Until gun violence is no longer a worldwide pandemic for Black and brown people it should be considered a pre-existing health condition. Young Blacks and Latinos are born into gang life and trauma-impacted communities on a crisis level.

Many of us were early teens before we felt the need to own a gun. That’s old nowadays. Children as young as 5 and 6 are mimicking violence that they’ve witnessed in their homes and in their environment. We don’t mean cops and robbers or your typical cowboys and Indians. We mean Omar and Marlo from the HBO series “The Wire.” These children are destined to become perpetrators or victims of gun violence. It’s how they’re learning to resolve conflict.

Many of us are poor, uneducated, oppressed and emotionally scarred for life by some adverse childhood experience. We live lifestyles that make us vulnerable to poor health and death at an early age. We’re segregated into ghettos with liquor stores on every corner and a gun store across the street from the liquor store.

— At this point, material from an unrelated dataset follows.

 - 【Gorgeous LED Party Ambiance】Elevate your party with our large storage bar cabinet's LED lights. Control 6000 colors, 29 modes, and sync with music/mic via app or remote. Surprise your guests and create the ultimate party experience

Our public school system is a breeding ground for prison. We punish our children when they cry out for help by suspending and expelling them. There’s no counseling for the abuse they suffer at home. No cognitive behavioral therapy for direct or vicarious trauma that they experience on a regular basis.

What we used to hear and our young boys today hear too often is: “Be a man, you little punk! Quit crying and be a man! Wipe those tears and shut up before I give you something to cry for.” Yet he’s only 4 years old. Even if he can afford to go to the doctor when he gets older, he probably won’t. We’ve been conditioned to be tough. To suppress our pain and hide our emotions. All this combines to damage our immune system and our brain’s ability to make healthy choices. It’s no wonder we are suffering from dual epidemics: gun violence and coronavirus.

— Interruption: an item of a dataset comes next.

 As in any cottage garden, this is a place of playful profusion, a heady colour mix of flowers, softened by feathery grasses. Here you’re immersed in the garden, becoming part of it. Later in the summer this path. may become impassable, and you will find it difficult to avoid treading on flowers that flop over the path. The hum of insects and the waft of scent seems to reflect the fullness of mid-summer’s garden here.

Our work at Advance Peace aims to offer “real nutrition” to our community, which is daily doses of love, caring and support. We work to boost the immune systems of those traumatized and at the center of gun violence through healthy food and housing, but also through stable mentorship. We are breaking the cycle of a response to trauma that says, “I don’t give a f*” to a healing approach that treats our most vulnerable to get to a place where they say, “Maybe I do.”

We are making progress. For example, no juvenile has been killed by a gun in Sacramento, California for the past two years that our program has been operational there. We have a long way to go to stop our young people from continuing to solve their problems by pointing a gun at someone who looks just like them and squeezing the trigger. This pandemic hasn’t changed much, since it’s still just another day in the hood and interrupting death is needed more than ever.

Julius Thibodeaux, program manager of Advance Peace Sacramento, and his team of neighborhood change agents are co-authors in this effort (Marcus McGhee, Dedrick Suggs, Clemmie Fields, Freddie Dearborne Jr. and Ezell Humphrey Grant).